======== Input for this task ========

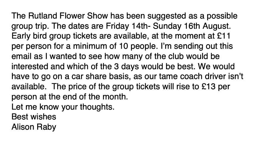 If you would like to come with us on this trip would you please let me know as soon as possible and definitely by Monday 30 January. Please let me know whether you can provide transport for others or need a lift; also if you are a member of the National Trust or the RHS.
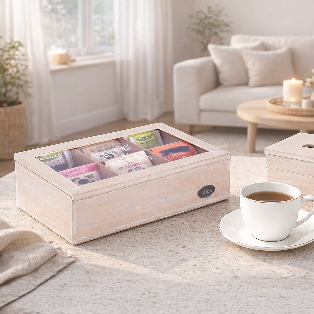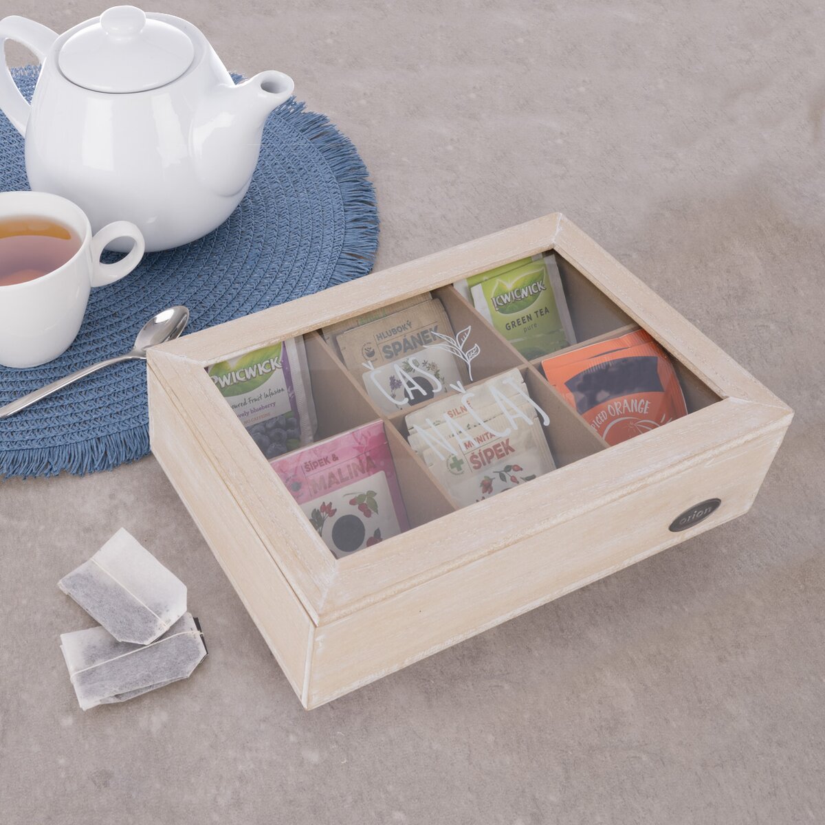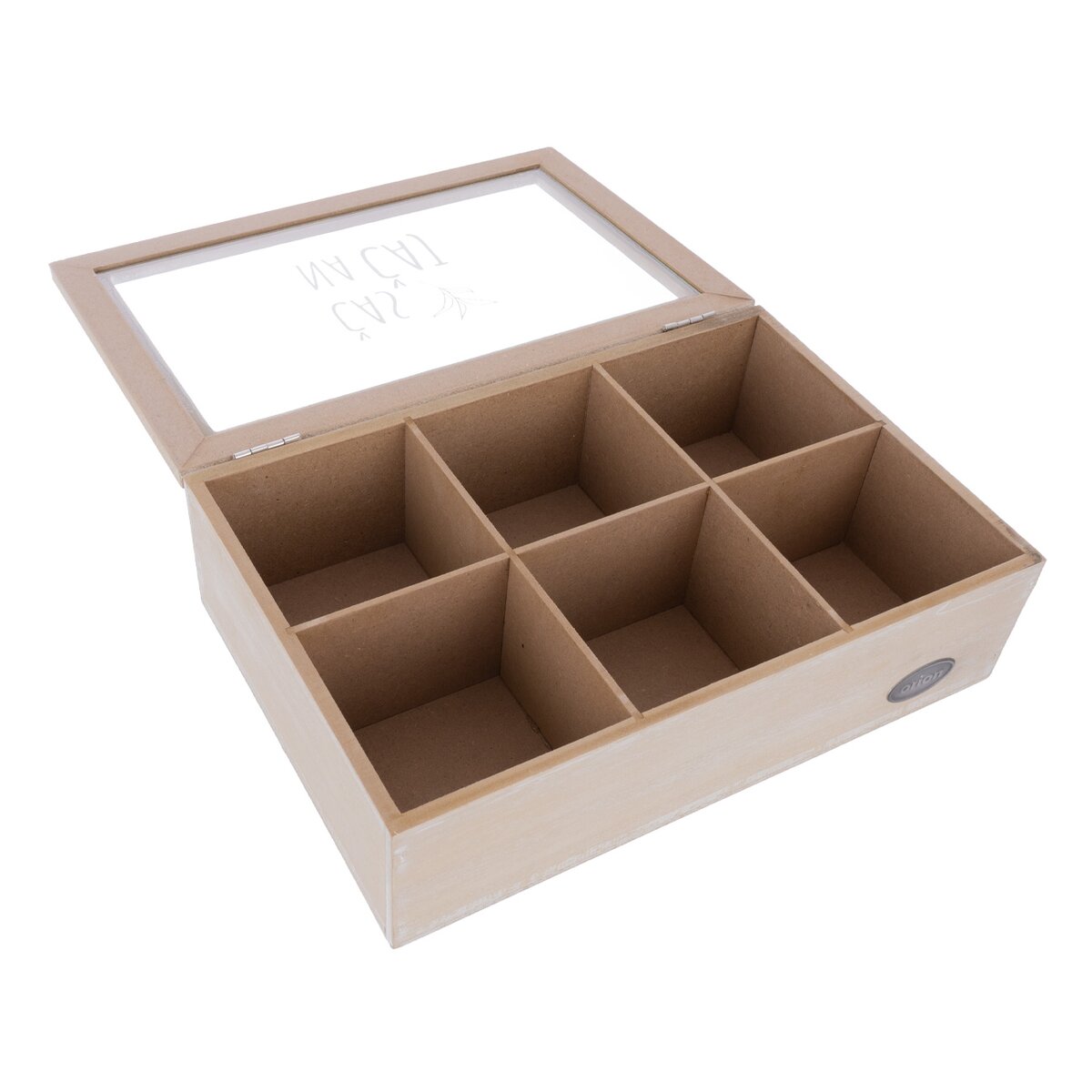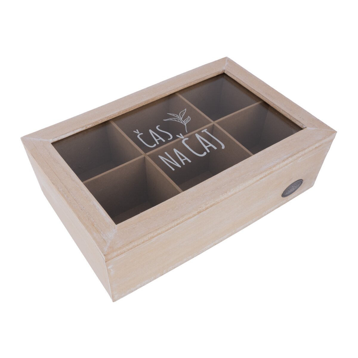 Vašim hosťom, kolegom v práci alebo klientom tak môžete štýlovo ponúknuť čaj, ktorý majú radi. Prírodne sfarbená kazeta s jemnou bielou patinou z MDF dosiek má veľkosť 24x16x7 cm a veko opatrené skleneným priehľadom s nápisom ČAS NA ČAJ. Ten vznikol v dielni našich Orion dizajnérov. Pohodlné otváranie a zatváranie zaistí kovové pánty.
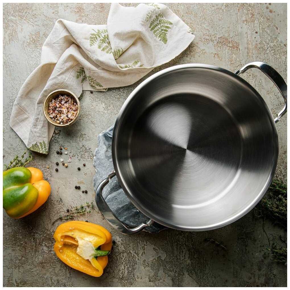 | Дополнительная информация : | Складные ручки, встроенный дуршлаг, смотровое окошко в крышке, вертикальный борт, трехслойное дно. |
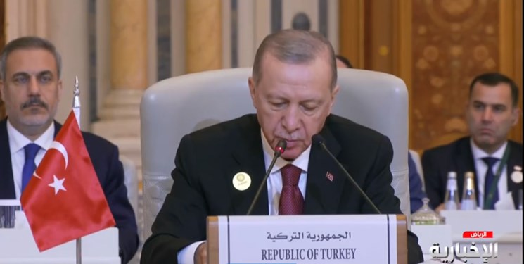 وبحسب المجموعة الدولية لوكالة أنباء فارس، ألقى الرئيس التركي رجب طيب أردوغان كلمة ظهر اليوم (السبت) في اللقاء التضامني للدول العربية والإسلامية مع الشعب الفلسطيني في الرياض.
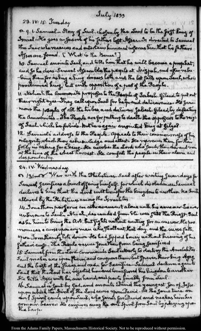 View full, authoritative transcriptions with page images of the diaries at John Quincy Adams Digital Diary part of the Primary Source Cooperative at the MHS.
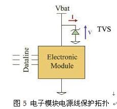 車載模塊的電源線保護是在汽車環(huán)境中需要關(guān)注的另一個問題,這個問題涉及ISO7637-2標準。例如,為滿足ISO7637-2標準,特別是圖1中的1、2、3a和3b的脈沖要求,只使用一個瞬變電壓抑制器(TVS)即可有效保護車載模塊。
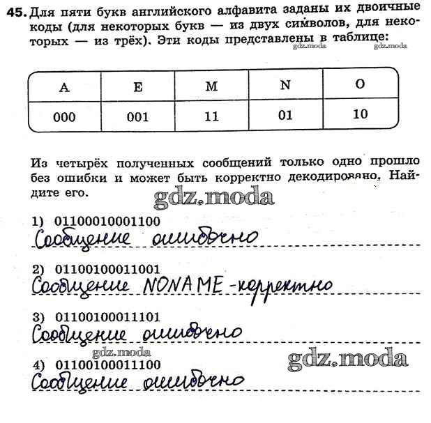 ОТВЕТ на задание № 45 Рабочая тетрадь по Информатике 7 класс Босова
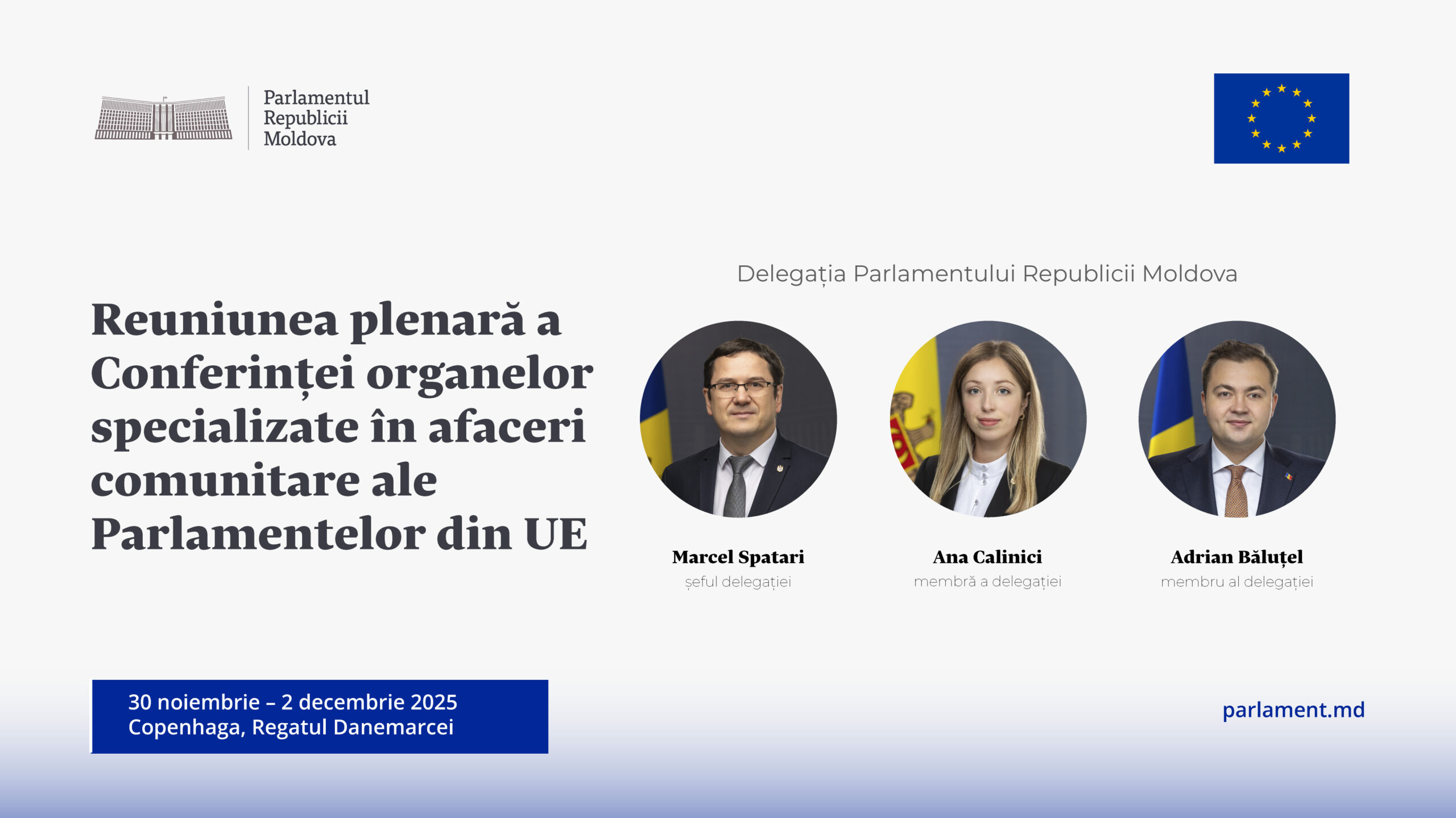Делегация Парламента Республики Молдова примет участие в 74-м пленарном заседании Конференции специализированных парламентских органов по делам ЕС парламентов Европейского союза (COSAC). Заседание пройдет с 30 ноября по 2 декабря в Копенгагене, Дания.

========

** Work to be completed **
The entries above must be restated exactly in the answer, and the pictures left out.

** Solution to this task **
 If you would like to come with us on this trip would you please let me know as soon as possible and definitely by Monday 30 January. Please let me know whether you can provide transport for others or need a lift; also if you are a member of the National Trust or the RHS.
 Vašim hosťom, kolegom v práci alebo klientom tak môžete štýlovo ponúknuť čaj, ktorý majú radi. Prírodne sfarbená kazeta s jemnou bielou patinou z MDF dosiek má veľkosť 24x16x7 cm a veko opatrené skleneným priehľadom s nápisom ČAS NA ČAJ. Ten vznikol v dielni našich Orion dizajnérov. Pohodlné otváranie a zatváranie zaistí kovové pánty.
 | Дополнительная информация : | Складные ручки, встроенный дуршлаг, смотровое окошко в крышке, вертикальный борт, трехслойное дно. |
 وبحسب المجموعة الدولية لوكالة أنباء فارس، ألقى الرئيس التركي رجب طيب أردوغان كلمة ظهر اليوم (السبت) في اللقاء التضامني للدول العربية والإسلامية مع الشعب الفلسطيني في الرياض.
 View full, authoritative transcriptions with page images of the diaries at John Quincy Adams Digital Diary part of the Primary Source Cooperative at the MHS.
 車載模塊的電源線保護是在汽車環(huán)境中需要關(guān)注的另一個問題,這個問題涉及ISO7637-2標準。例如,為滿足ISO7637-2標準,特別是圖1中的1、2、3a和3b的脈沖要求,只使用一個瞬變電壓抑制器(TVS)即可有效保護車載模塊。
 ОТВЕТ на задание № 45 Рабочая тетрадь по Информатике 7 класс Босова
Делегация Парламента Республики Молдова примет участие в 74-м пленарном заседании Конференции специализированных парламентских органов по делам ЕС парламентов Европейского союза (COSAC). Заседание пройдет с 30 ноября по 2 декабря в Копенгагене, Дания.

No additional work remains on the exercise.